Data:
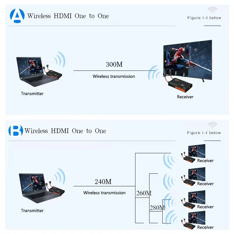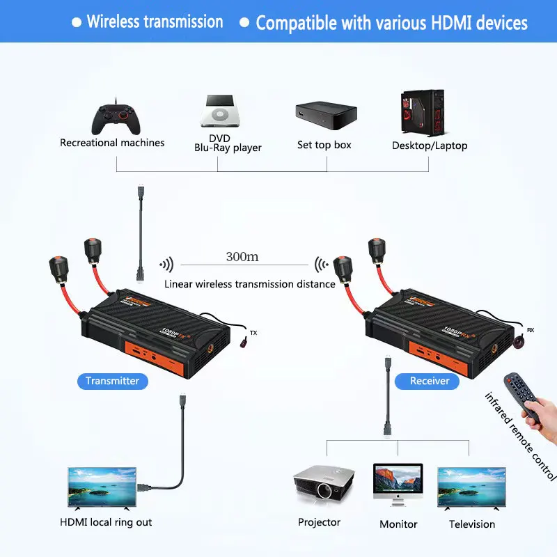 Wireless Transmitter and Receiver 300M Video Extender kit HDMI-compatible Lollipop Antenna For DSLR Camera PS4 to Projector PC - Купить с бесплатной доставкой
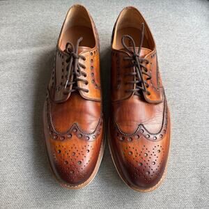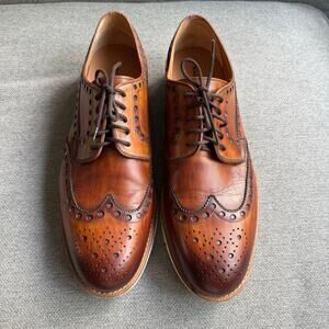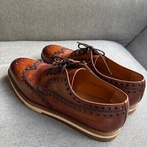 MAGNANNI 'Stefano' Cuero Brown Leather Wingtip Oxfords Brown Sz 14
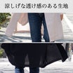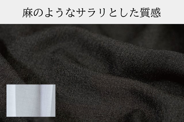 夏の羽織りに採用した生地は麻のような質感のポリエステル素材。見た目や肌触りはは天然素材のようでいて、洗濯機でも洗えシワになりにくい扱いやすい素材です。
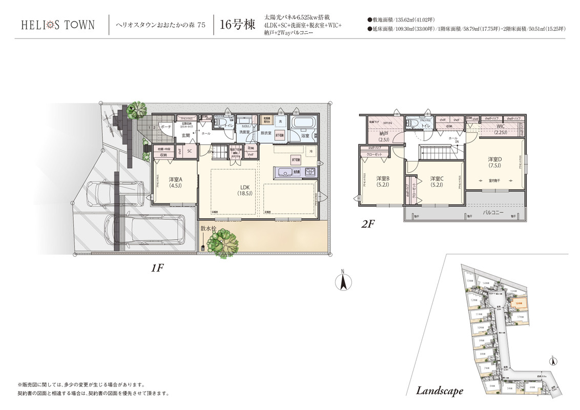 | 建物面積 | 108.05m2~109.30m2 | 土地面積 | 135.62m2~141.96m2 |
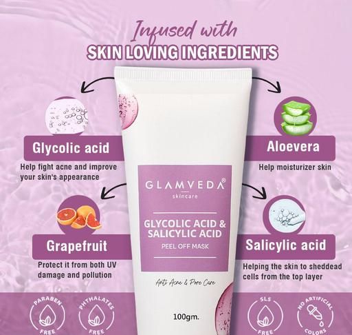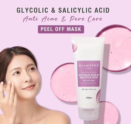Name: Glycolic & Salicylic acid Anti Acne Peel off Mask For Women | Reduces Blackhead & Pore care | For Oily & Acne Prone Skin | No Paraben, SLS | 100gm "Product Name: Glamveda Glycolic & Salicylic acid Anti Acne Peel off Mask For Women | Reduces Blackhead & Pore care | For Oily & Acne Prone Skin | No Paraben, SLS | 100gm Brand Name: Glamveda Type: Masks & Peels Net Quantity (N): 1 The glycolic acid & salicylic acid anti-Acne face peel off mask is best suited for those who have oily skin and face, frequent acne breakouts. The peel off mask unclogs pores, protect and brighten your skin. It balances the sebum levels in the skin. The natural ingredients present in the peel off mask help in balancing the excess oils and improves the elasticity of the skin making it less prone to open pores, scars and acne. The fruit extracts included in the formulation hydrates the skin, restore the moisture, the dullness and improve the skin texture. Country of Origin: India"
==
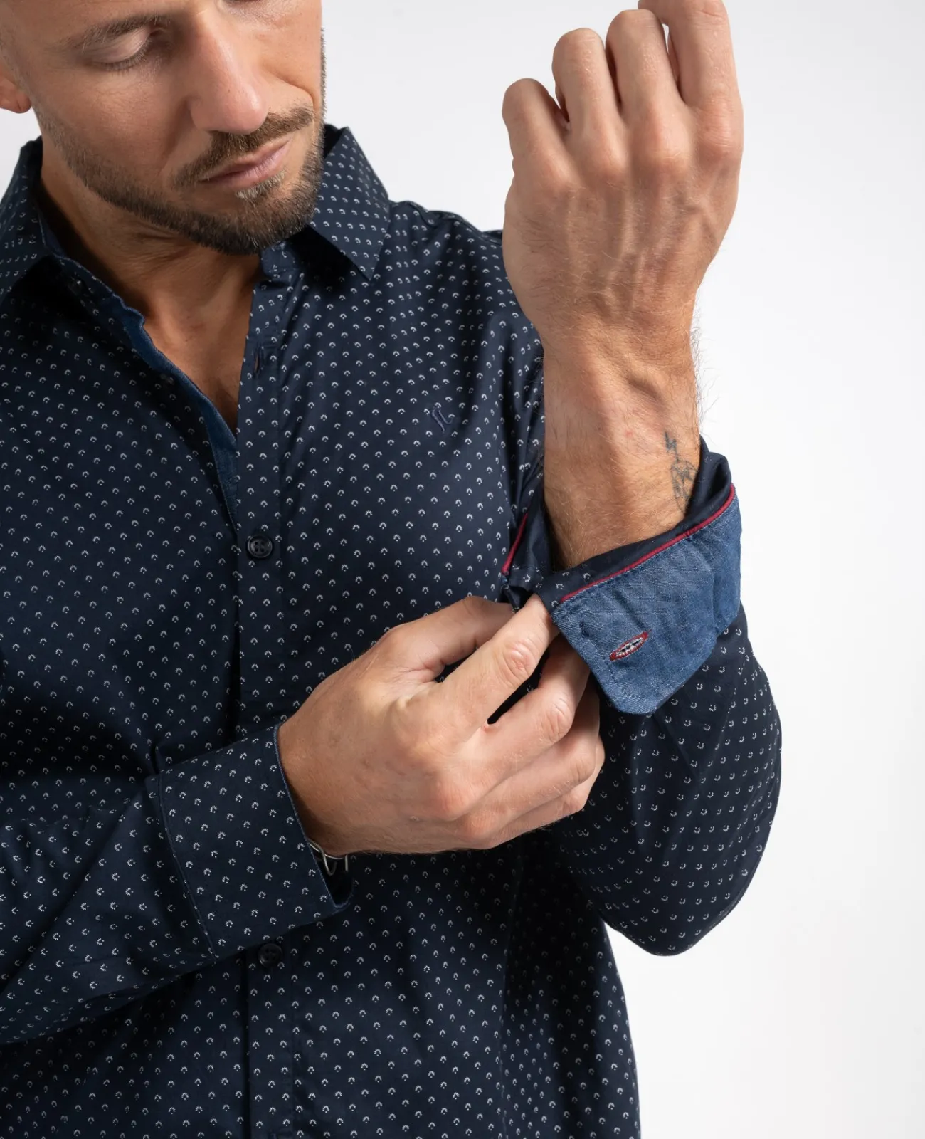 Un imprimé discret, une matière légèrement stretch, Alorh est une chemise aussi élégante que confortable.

Task goal: Would you copy out, exactly and with no pictures, only the lines above from the one that contains "土地面積 | 135.62m2~141.96m2 |" through the one that contains "Name: Glycolic &"?

Output for this task:
 | 建物面積 | 108.05m2~109.30m2 | 土地面積 | 135.62m2~141.96m2 |
Name: Glycolic & Salicylic acid Anti Acne Peel off Mask For Women | Reduces Blackhead & Pore care | For Oily & Acne Prone Skin | No Paraben, SLS | 100gm "Product Name: Glamveda Glycolic & Salicylic acid Anti Acne Peel off Mask For Women | Reduces Blackhead & Pore care | For Oily & Acne Prone Skin | No Paraben, SLS | 100gm Brand Name: Glamveda Type: Masks & Peels Net Quantity (N): 1 The glycolic acid & salicylic acid anti-Acne face peel off mask is best suited for those who have oily skin and face, frequent acne breakouts. The peel off mask unclogs pores, protect and brighten your skin. It balances the sebum levels in the skin. The natural ingredients present in the peel off mask help in balancing the excess oils and improves the elasticity of the skin making it less prone to open pores, scars and acne. The fruit extracts included in the formulation hydrates the skin, restore the moisture, the dullness and improve the skin texture. Country of Origin: India"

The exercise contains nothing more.